Hacker bieten verärgerten Mitarbeitern Bitcoin an, um Viren in Unternehmen zu installieren

Die wichtigsten Einfallstore für Ransomware-Angriffe auf Unternehmen sind E-Mails, Software-Schwachstellen und Datei-Downloads aus unbekannten Quellen. Erst jetzt versprechen Kriminelle, die in diesem Bereich tätig sind, mit Bitcoin Gewinne von bis zu 40% für Firmenmitarbeiter, um diese Angriffe durchzuführen. Letzte Woche wurde die Stadt Taboão da Serra von Ransomware angegriffen und ihre Server und Backups betroffen. So arbeitete das IT-Team bis zum letzten Update des Falls, das am Montag (30) veröffentlicht wurde, noch an der Wiederherstellung der Systeme. Dieser Fall ist jedoch nur eines der Beispiele für die Probleme, die durch Ransomware-Angriffe in Unternehmen und Behörden entstehen, die aufgrund der Verschlüsselung der Dateien für mehrere Tage gestoppt werden.

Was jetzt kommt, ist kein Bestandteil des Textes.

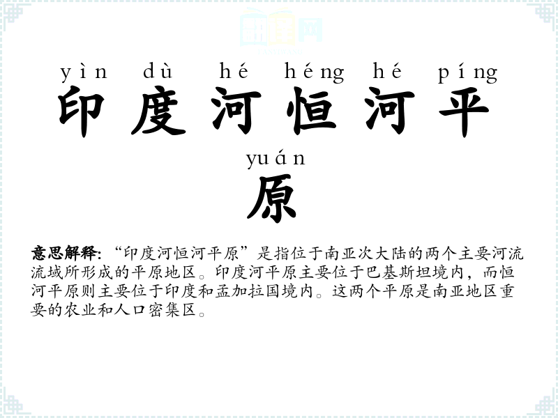 “印度河恒河平原”这个词汇不仅代表了地理区域,更承载了丰富的历史和文化意义。在语言学*和表达中,理解和运用这样的词汇能够帮助我们更深入地理解不同文化的内涵。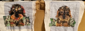 opnieuw aan de slag…daar ging ik weer, stofjes knippen en knippen, nu kan ik meer in stofjes zien dan ooit… een bloemblaadje was opeens een bosje haren… maar ogen…zo ontzettend moeilijk voordat je daar iets van gemaakt hebt…uren en uren… maar ben tevreden…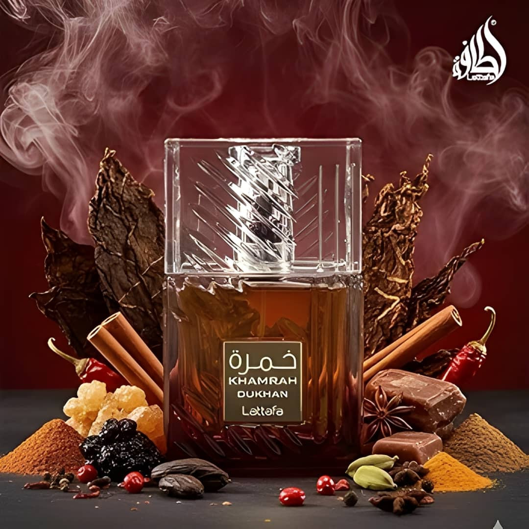 لطافة عطر خمرة دخان للرجال - 100 مل اغمر نفسك في سحر الفخامة الشرقية مع عطر لطافة Khamrah Dukhan، وهو عطر ساحر يجسد القوة والثقة والذكورة الراقية. يمزج عطر او دي بارفان الاستثنائي هذا بين دفء التوابل الحلوة والدرجات الدخانية والعنبر العميق، مما يخلق رائحة لا تقاوم تدوم لفترة طويلة بعد مغادرة الغرفة.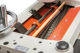 - Для удобной подачи заготовок стол оснащается подвижными роликами;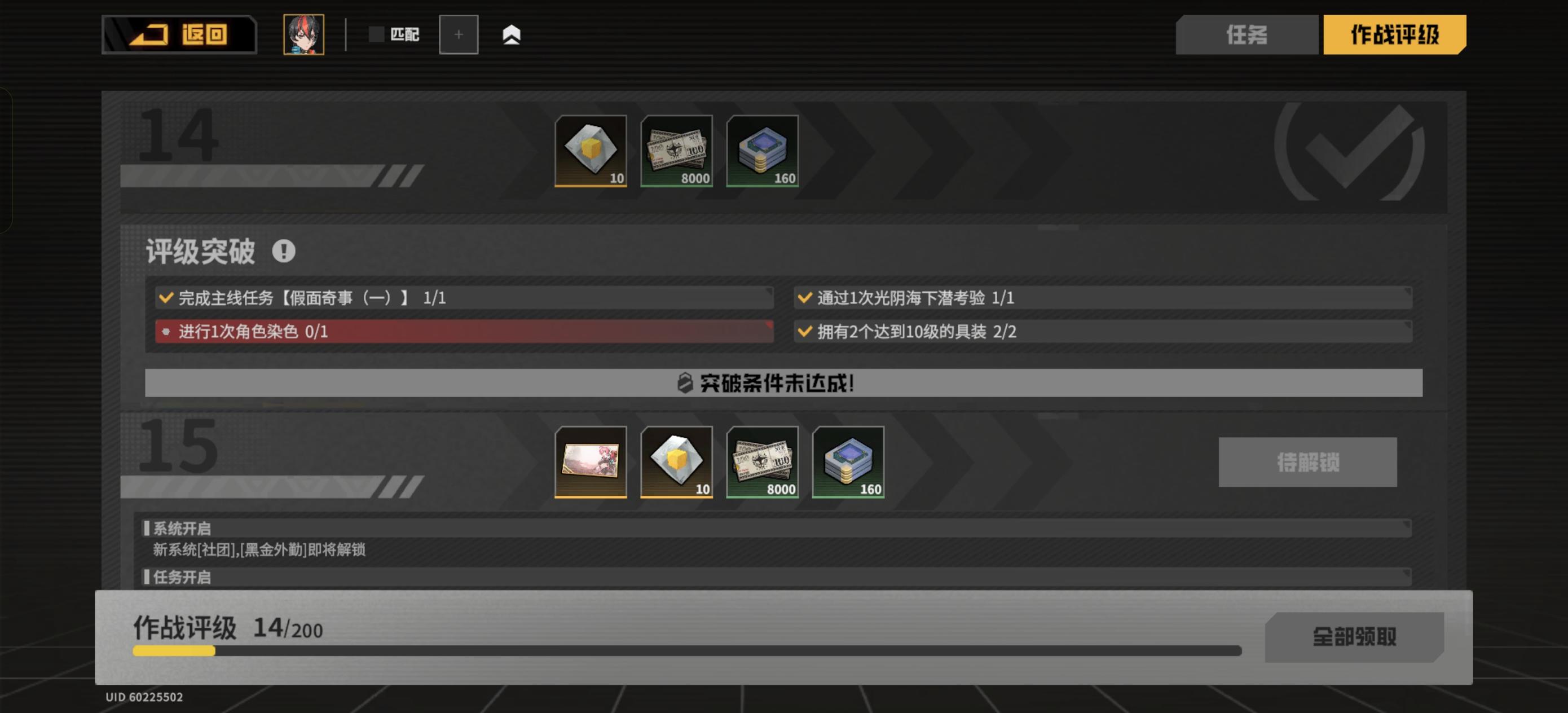 wk,有没搞错,一开始我想半天没想到这个10级具装怎么搞。具装拉了几个,最高都只能5级,搞得我以为要紫色以上才能10级。后来我想了想可能写错了,这应该是角色,然后我刷了一下角色等级。才发现还真是两10级角色。我只能说这种错误到现在都没改也是够牛的。还有那个角色染色,材料是要自己买的,奖励甚至不够买一个材料,你游任务设计真的太棒了。哦还有2.0重置了新手教程,直接强制我再刷了一遍。我进游戏都懵了,以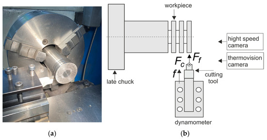 The fixing of the dynamometer and the cutting tool is shown in Figure 4a. The orthogonal turning was performed at a constant cutting speed on a suitably prepared shaft. Two cutting force components, and , which were the temperature in the cutting zone and the process of the chip formation and flow, were recorded during the tests, in accordance with the diagram in Figure 4b.
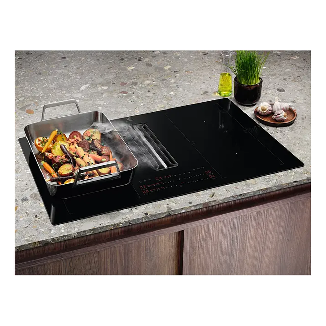 Induktsioonpliit Electrolux 800 Bridge koos eXTractor lahendusega annab rohkem paindlikkust köögi paigutuse kavandamisel. Õhupuhasti on integreeritud pliidiplaati, seega ei pea seda paigaldama pliidi kohale seinale ega lakke. See on eriti mugav köögisaare, avatud köögi või madalama laega ruumide puhul, kus on soov hoida köök võimalikult avatud ja õhuline.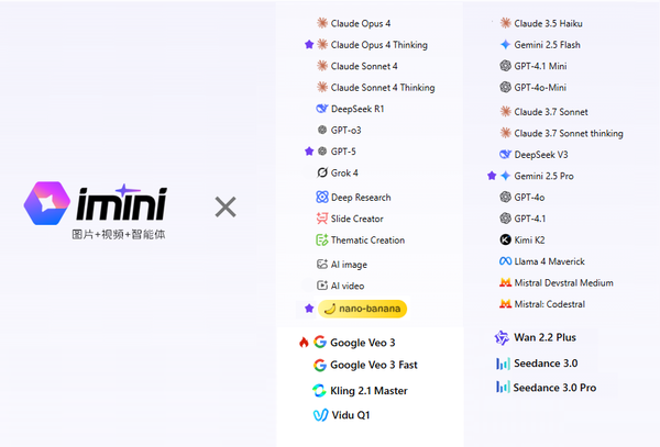在视频领域,iMini AI同步整合了Google的Veo3Fast与国内自主研发的Vidu Q1模型,构建起功能互补的生态系统。

Kriminelle versprechen Unternehmensmitarbeitern 40% Gewinn mit Bitcoin, um Einbrüche zu erleichtern

Mit dem Ende der Belagerung von Organisationen, die weltweit Ransomware betreiben, ein Thema, das sogar das Ziel des G7-Treffens im Juni 2022 war. Darüber hinaus entwickeln sich Cybersicherheitssysteme, um Angriffe zu erkennen und zu verhindern. Deshalb suchen die Kriminellen hinter der Schadsoftware nun nach neuen Wegen, um Opferfirmen zu infizieren. Und laut Kaspersky war einer der gefundenen Wege der Suche nach Mitarbeitern von Unternehmen, die bereit sind, den eigenen Arbeitsplatz zu infizieren. Diese kühnen Vorschläge tauchen hauptsächlich in Spam-Nachrichten auf, die die Aufmerksamkeit neuer Komplizen auf sich ziehen und sogar Schulungen zur Ransomware-Aktivierung anbieten.

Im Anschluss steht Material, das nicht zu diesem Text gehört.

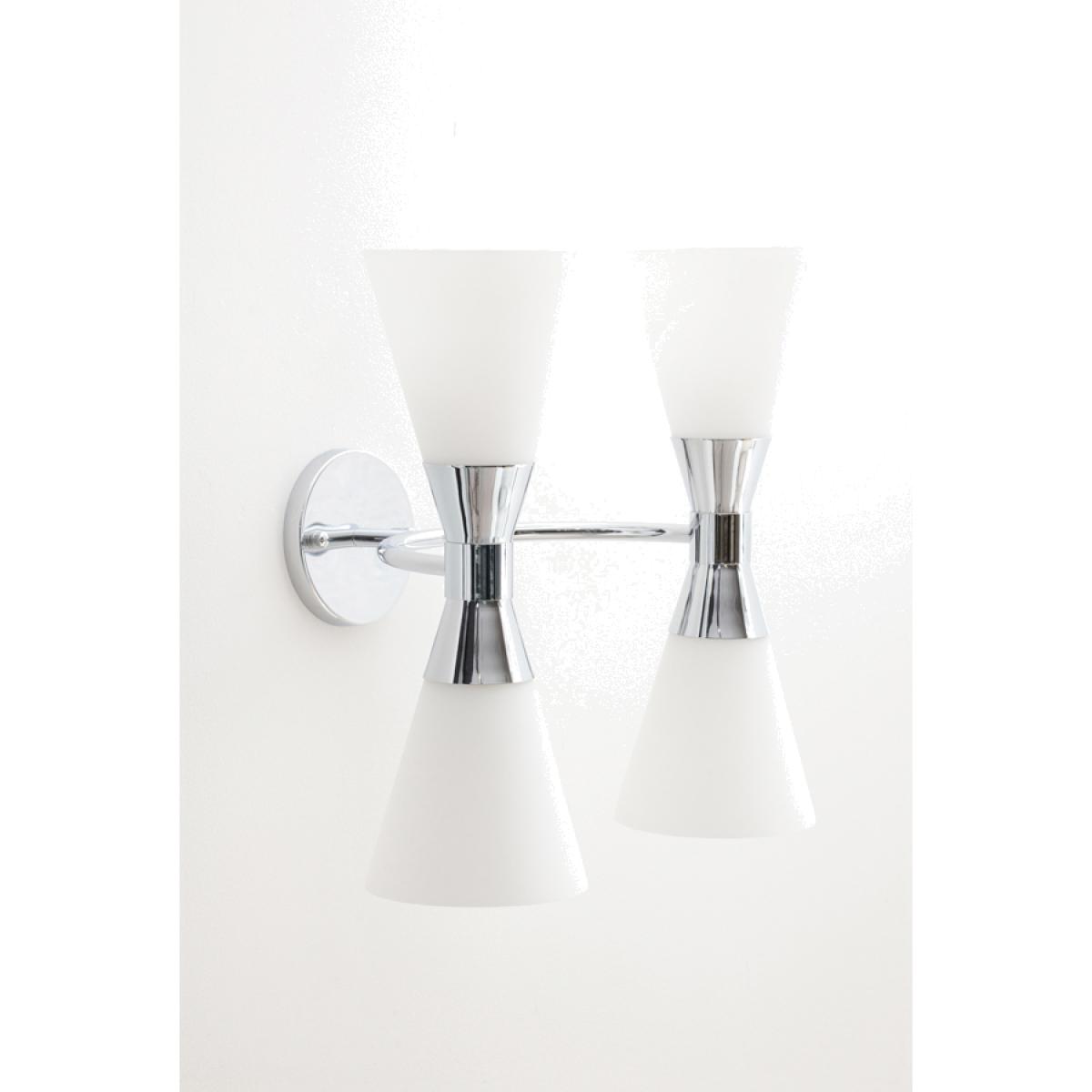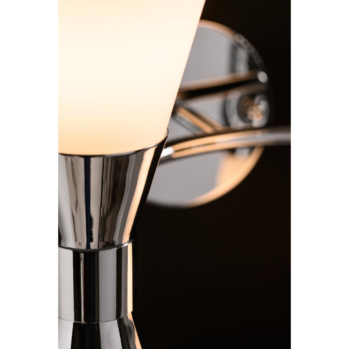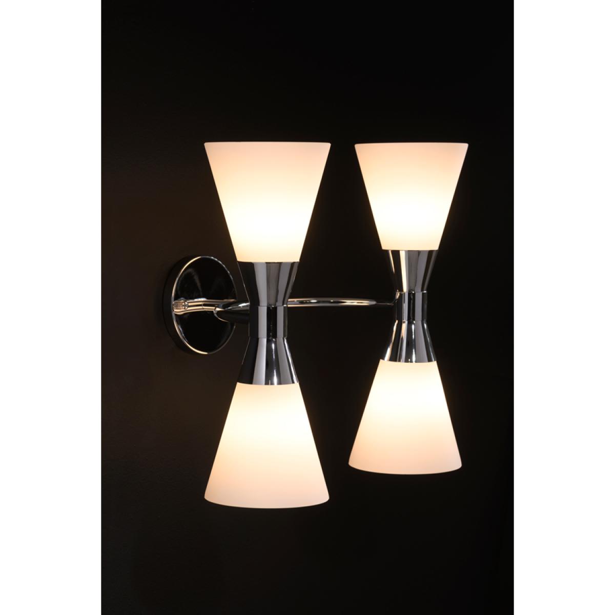 A characterful, feminine wall light Sculptural frosted glass diffusers to create a soft ambient light effect Stainless steel metal detail with polished chrome finish Perfect to display in pairs Supplied with 4 x E14 LED non dimmable bulbs

„So absurd es erscheinen mag, manche suchen Komplizen durch Spam. Zum Beispiel bietet eine Nachricht jedem, der DemonWare-Ransomware auf dem Windows-Hauptserver seines Unternehmens installieren und bereitstellen möchte, direkt „40%, 1 Million US-Dollar Bitcoin“ an.“

Einer der entdeckten Fälle dieses Social-Engineering-Angriffs wurde in Nigeria beobachtet, als ein junger Hacker ohne Erfahrung in der Verbreitung von Ransomware erwischt wurde, als er Unternehmensleiter rekrutierte. Der Fall fand schließlich Anerkennung und auch die Entscheidung des digitalen Banditen, DemonWare zu verwenden, erwies sich als falsch, da der Code zum Entsperren bereits im Internet verbreitet ist.

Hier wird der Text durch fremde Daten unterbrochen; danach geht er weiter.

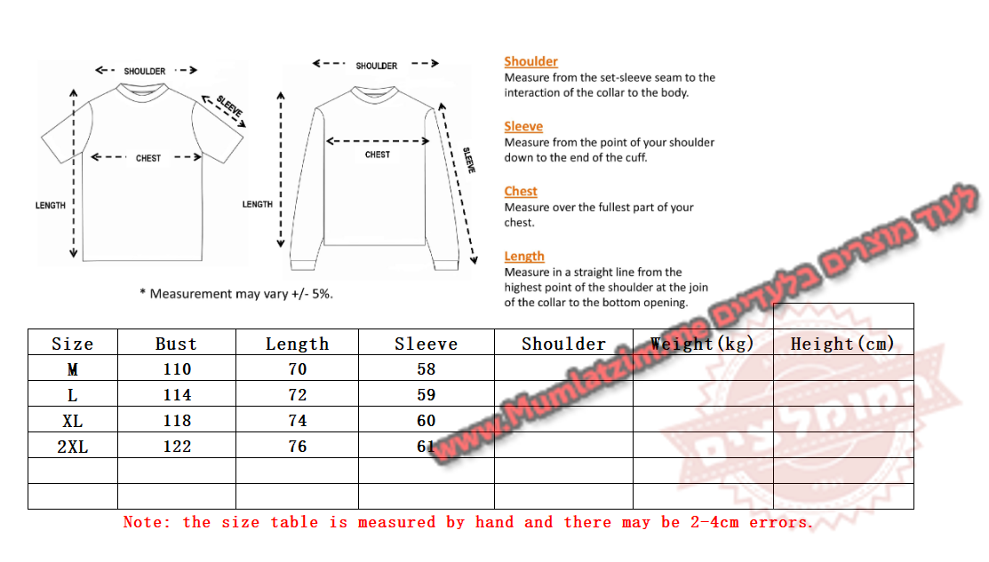 | לקרוא לפני ההזמנה! לא לשלוח למוכר הודעות המכילות תמונות או שמות של מותגים בעלי אקספרס! שליחת הודעות אלה מסכנות את המוכר ועלולות לגרום לסגירת החנות שלו. במידה ויש בעיה – לא לפתוח מחלוקות, לשלוח הודעה בעלי אקספרס למוכר שיש בעיה ואת מספר הווטסאפ שלכם והוא יפנה אליכם ויעזור! בנוסף – ניתן לפתוח קריאת שירות אצלנו ונענה בהקדם – פתיחת קריאה מפה קיבלתם את המוצר? מעולה! בבקשה לא להשאיר פידבק בחנות עם תמונה של המוצר! • המוכר מסתיר את המוצר, בעלי אקספרס כנראה יופיע מוצר אחר, בפועל המוכר יודע לשלוח את המוצר בדיוק כמו בתמונות פה למטה! לא לשלוח שום הודעה אחרת שלא קשורה למידה/החלפת צבע/משלוח – לא לבקש גלרייה/לא לבקש ווטסאפ/לא לרשום דברים שקשורים למותגים – כל מי שיעשה זאת ייחסם על ידי המוכר במידית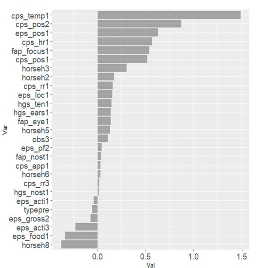 Interestingly, some of the individual horses’ large coefficients in the Lasso regressions (Figure 5), are underlying the importance of individual characteristics when assessing pain. Theoretically, this is not surprising. Since pain is an experience and related to the *personality* of the horse [8], all horses cannot be expected to show the same frequency and intensity in pain behaviors, as is also the case for humans [40]. This adds to the limitations with small sample sizes in pain studies, where larger samples could have compensated for large individual variations.

Unzufriedene Mitarbeiter sind die Hauptziele

Im Dark Web wird seit einiger Zeit der Zugang zu Unternehmen mit Hilfe der berühmten Initial Access Brokers (IABs) gehandelt, die 2022 in Cybersicherheitsforen für große Resonanz sorgten. Viele dieser Akteure sind am Ende Mitarbeiter, die von Unternehmen entlassen wurden oder mit ihren aktuellen Dienstleistungen unzufrieden sind und den Zugang zum Unternehmensnetzwerk mit Verdienstversprechen gewähren, die heute häufig mit Bitcoin angeboten werden. Kaspersky-Experten empfehlen, die Zugriffsrichtlinie ständig zu überprüfen und einen Mindestzugriff für die Mitarbeiter zu gewährleisten. Es ist bemerkenswert, dass, obwohl Ransomware-Ziele mehr Unternehmen und Regierungen sind, auch Menschen ihre Geräte verschlüsseln lassen können. Die bevorzugten Regionen für Ransomware-Angriffe waren in den letzten Monaten Nordamerika und Westeuropa, aber auch Lateinamerika hat Fälle registriert.